Cierta mañana me encontraba con mi hermano mayor, profesor y catedrático de geografía e historia él y entusiasta y aficionado publicista yo; y en aquel rato desligados ambos de nuestras respectivas esposas e hijos, en el lugar conocido como Puente Campaña de la parroquia y aldea de Mato, Palas de Rey, Lugo, reconociendo el terreno, buscando algún posible dato adicional, oral y tradicional con que reforzar algo más un extenso trabajo periodístico y revisteril que yo estaba pergeñando sobre la decisiva batalla de Porto de Bois por allí desarrollada en épocas medievales.
Un hombre de mediana edad, de boina y zuecos, apoyado con ambas callosas manos en el largo mango de una azada contestó lo mejor que supo y en su gallego nativo a nuestras preguntas sobre la toponimia del contorno.

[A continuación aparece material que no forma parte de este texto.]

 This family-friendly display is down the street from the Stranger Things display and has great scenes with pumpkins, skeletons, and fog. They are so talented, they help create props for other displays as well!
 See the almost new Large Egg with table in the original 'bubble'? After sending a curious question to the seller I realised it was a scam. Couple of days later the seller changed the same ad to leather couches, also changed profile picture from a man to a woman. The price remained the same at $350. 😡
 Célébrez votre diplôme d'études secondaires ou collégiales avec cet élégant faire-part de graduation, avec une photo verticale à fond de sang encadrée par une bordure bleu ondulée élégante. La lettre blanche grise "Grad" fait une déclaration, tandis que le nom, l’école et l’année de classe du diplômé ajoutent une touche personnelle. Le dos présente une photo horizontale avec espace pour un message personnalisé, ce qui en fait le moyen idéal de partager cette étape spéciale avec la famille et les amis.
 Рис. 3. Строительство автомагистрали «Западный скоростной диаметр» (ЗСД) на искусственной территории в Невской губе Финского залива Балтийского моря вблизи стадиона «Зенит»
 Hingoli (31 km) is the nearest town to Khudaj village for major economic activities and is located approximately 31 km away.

El curtido labrador, al tiempo que nos informaba de lo que buenamente sabía al respecto, examinaba con ojeada crítica a aquellos para él curiosos y parlanchines forasteros, cincuentones y de figura rechoncha, de rasgos físicos casi iguales, ambos tocados con boina, vestidos con parecidos jerséis oscuros de cuello alto, pantalones arrugados y calzados con mocasines. E, indudablemente, sacó sus propias conclusiones.

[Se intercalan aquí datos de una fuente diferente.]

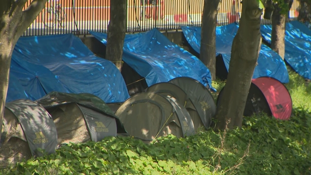 Inné, bhí os cionn 90 puball curtha suas ag iarrthóirí tearmainn idirnáisiúnta le taobh na Canála Móire idir Droichead Shráid Bhagóid agus Plás Wilton i lár Bhaile Átha Cliath.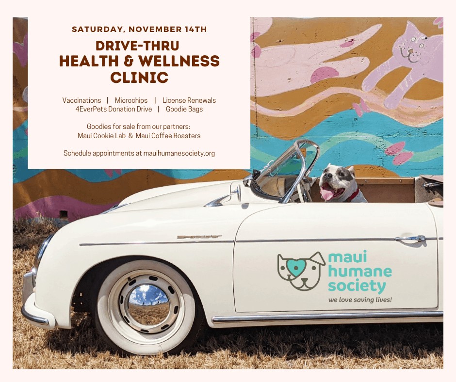 Aloha, and thank you for your interest in our Drive-Thru Health & Wellness Clinic! This event will take place on Saturday, November 14, 2020 in the Maui Humane Society parking lot. To help ensure everyone’s safety, this will be a socially distant event and participants will remain in their vehicles the entire time. Volunteers will be stationed at the entrance and throughout the event in order to greet you, provide instructions, and facilitate a smooth transition from beginning to end. Participants are expected to wear a mask whenever interacting with MHS staff and volunteers.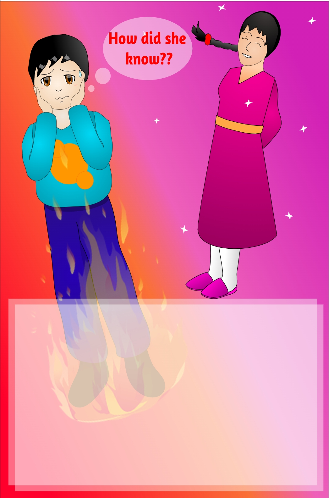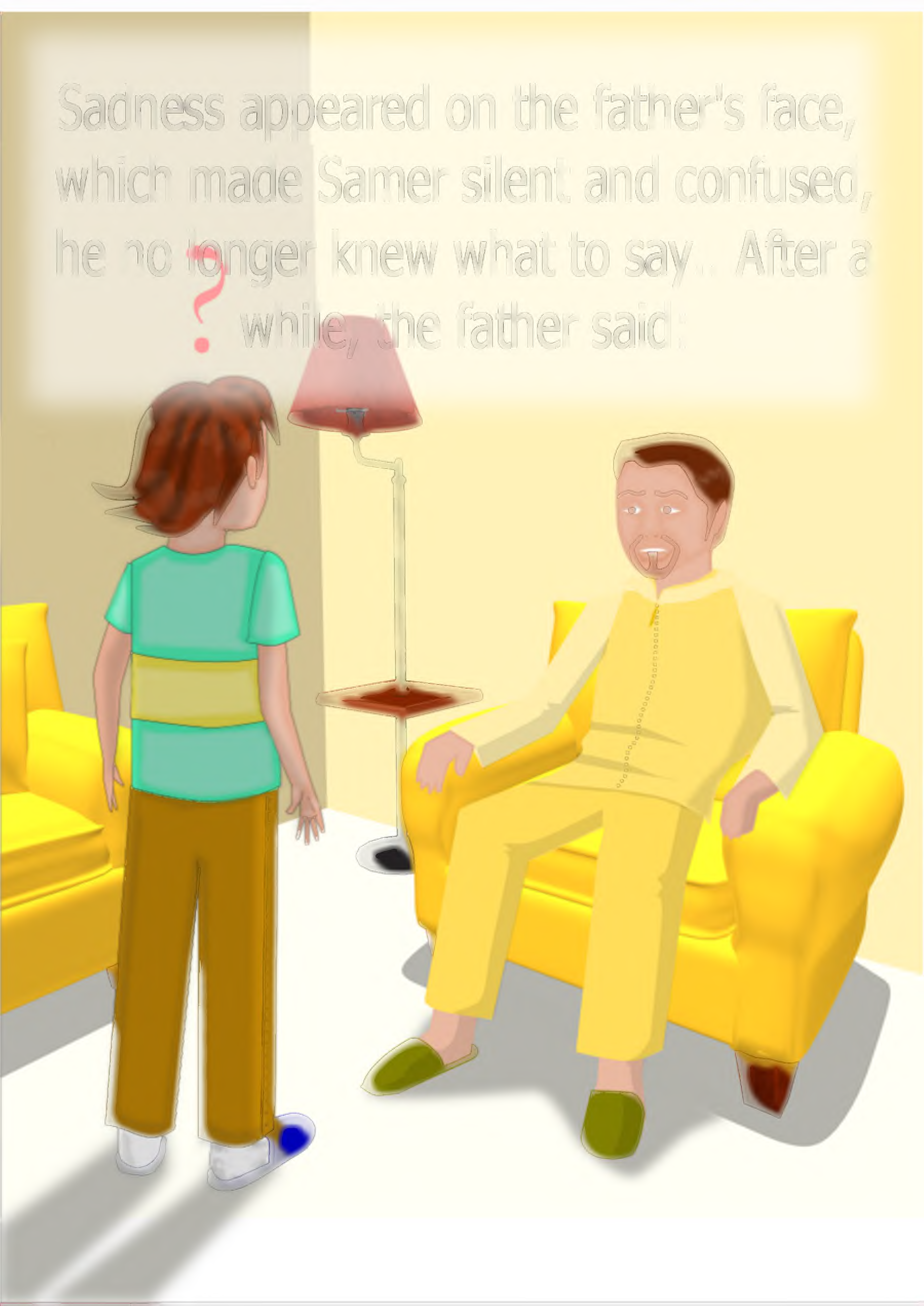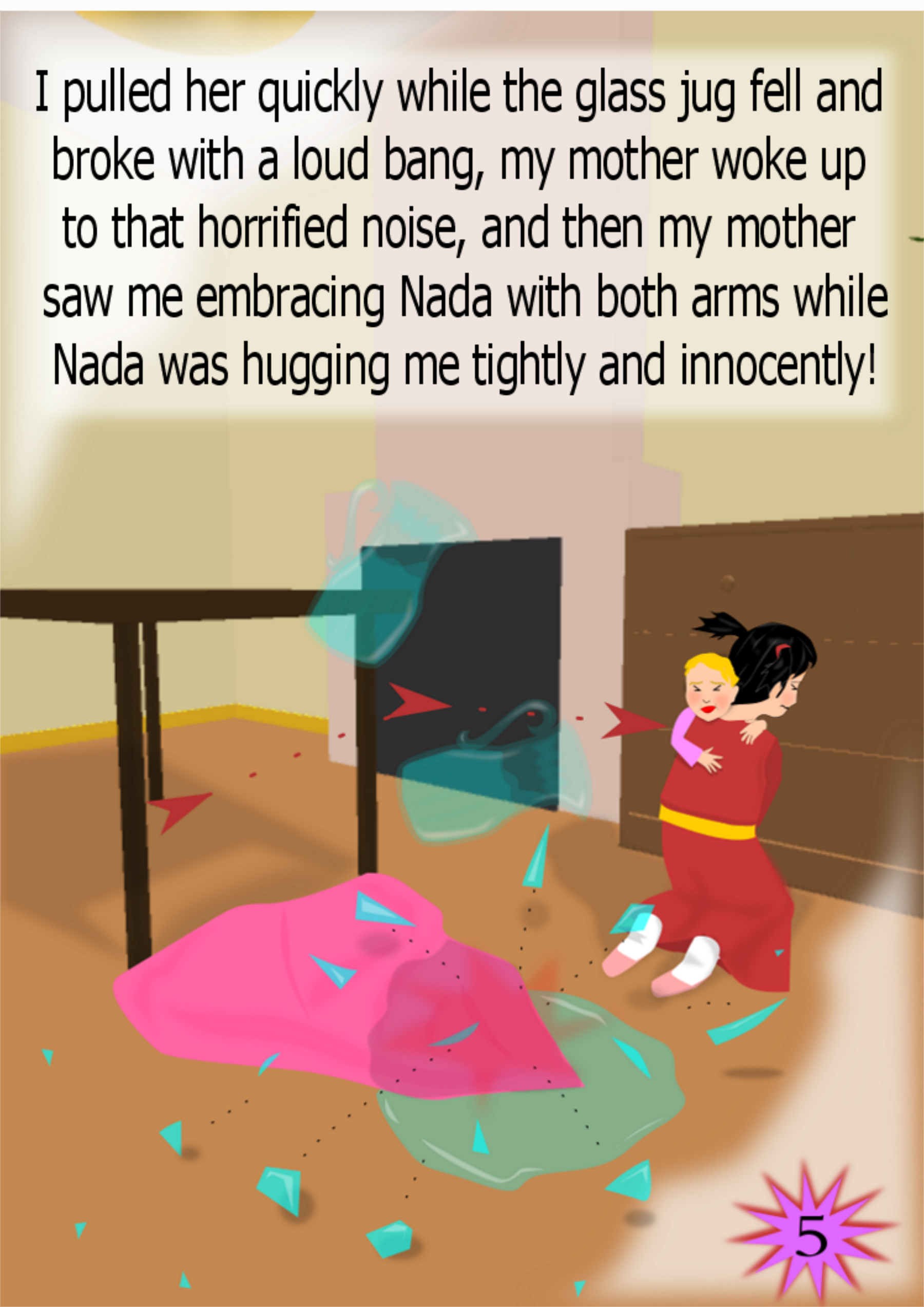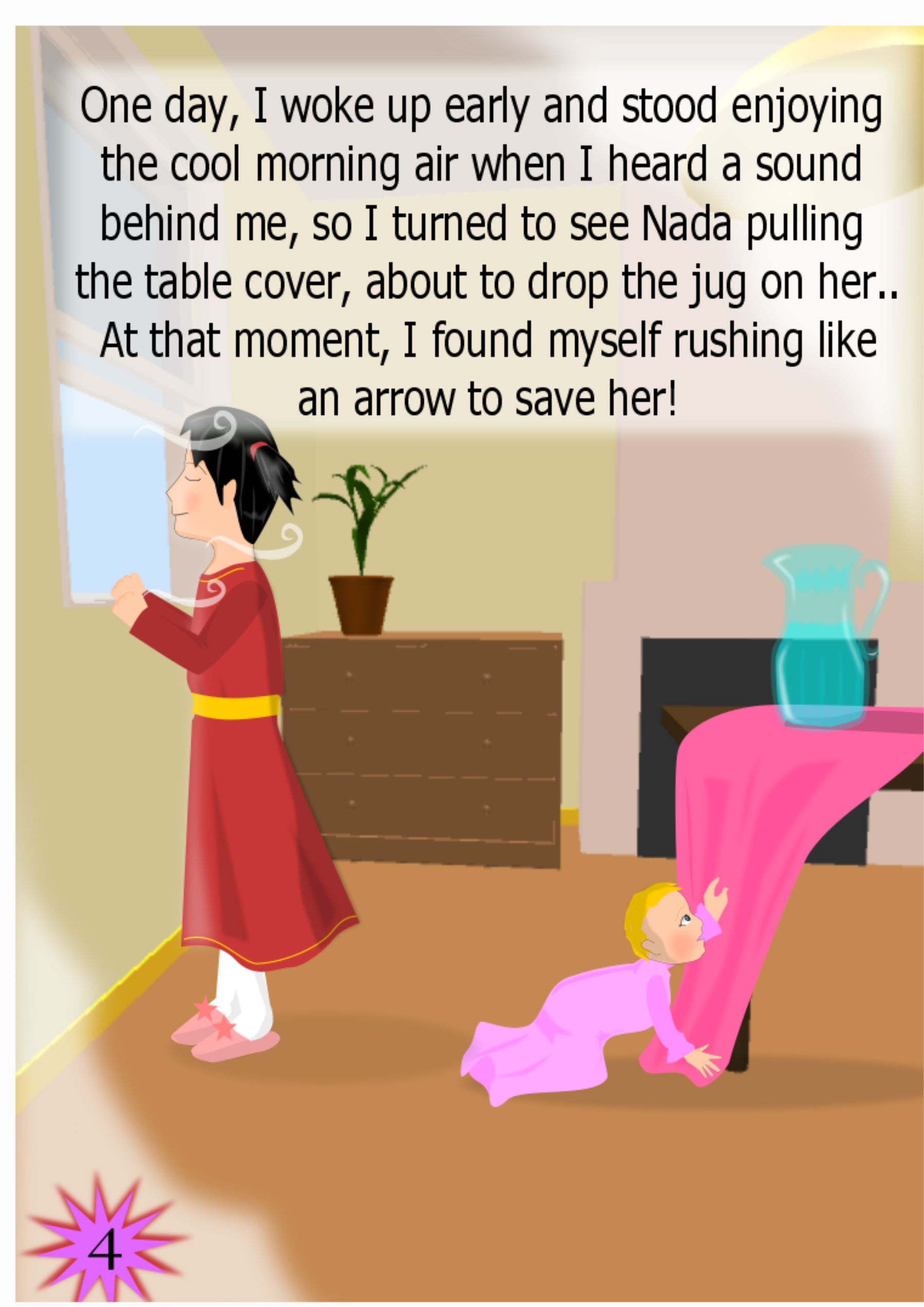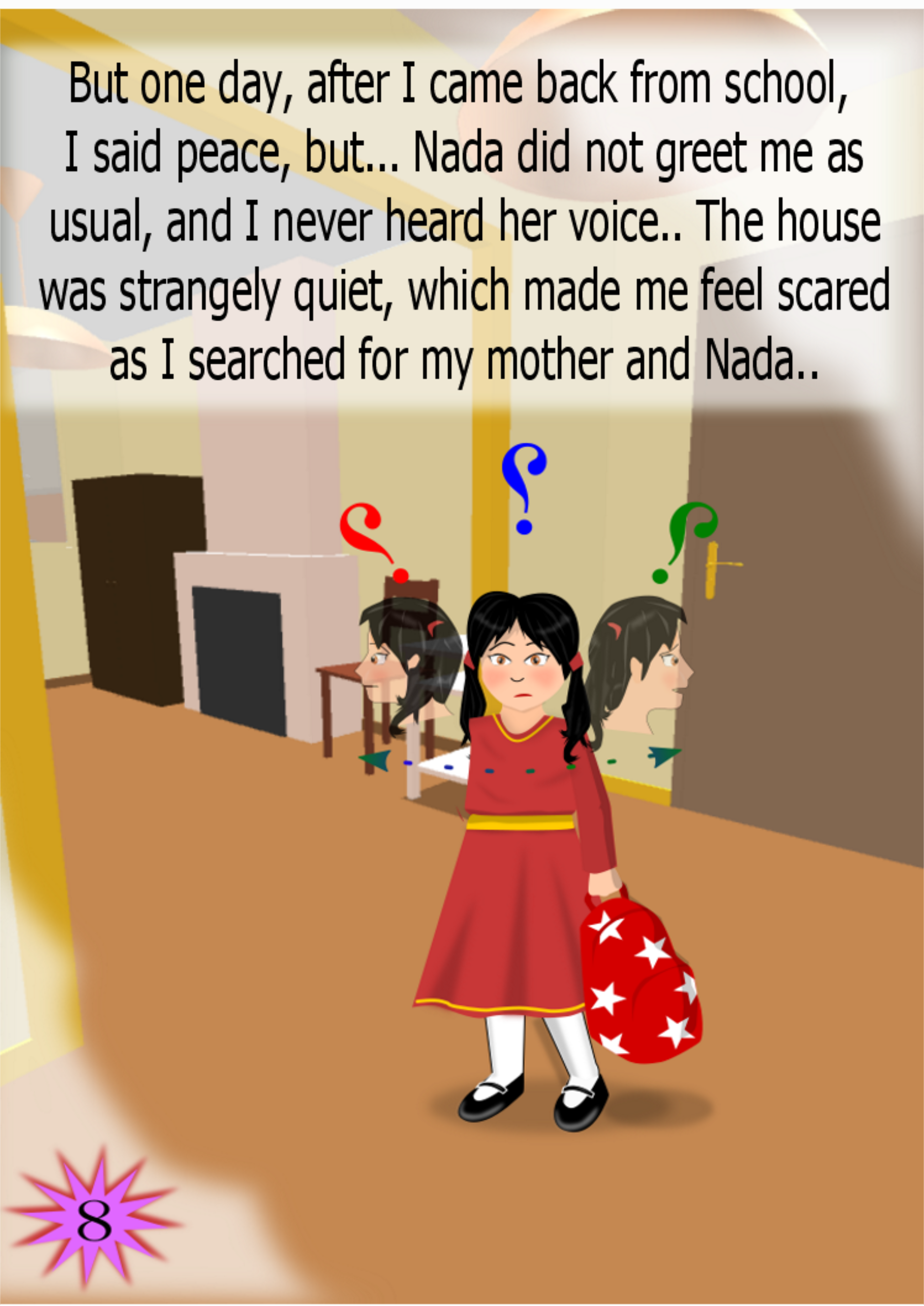 He swal owed the sugar and no one saw him, he was relieved of his fear before he re-thought of stealing more, but he heard the sound of his sister's steps coming into the room, so he put his hands back down, while she entered smiling with the decorations shining in her hand and stood wrapping the sweets while she hummed (whispering singing)!

Porque, al fin, sin poder contenerse, mirando a nuestros ropajes oscuros y de reojo a las cámaras fotográficas y sus estuches, prismáticos, blocs de notas y algún mapa mezclados en el asiento posterior del coche y una vez ya nosotros acomodados en él, metió el brazo por la ventanilla del lado del conductor, me palmoteó confianzudo en el hombro y exclamó en tono malicioso y admirativo a un tiempo:
_ ¡Que boa vida levades os cregos, carallo!
Carlos Platero Fernández

Por preguntón

P O R P R E G U N T Ó N

En uno de los, diríase que casi periódicos, desplazamientos a mi tierra natal gallega andaba yo reconociendo una vez más el interior de la medieval iglesia de Vilar de Donas junto al Camino de Santiago en la provincia de Lugo, contemplando admirado su planta de cruz latina, con tres ábsides y hermosa portada, baldaquín pétreo, pinturas murales, sepulcros varios de caballeros santiaguistas, etc. Y, claro está, preguntando esto y aquello, con el tono de voz adecuado al lugar, a una o dos paisanas ya mayores que andaban por allí adecentando altares, limpiando imágenes y barriendo el historiado enlosado piso.
Y una de aquellas señoras, quizás ya un tanto cansada o aburrida de mis inquisitivas preguntas, al responderme acabó espetándome de forma rotunda una coletilla en su gallego coloquial:
_ Elle de San Salvador...¡Pra que o sepa pra outra ves!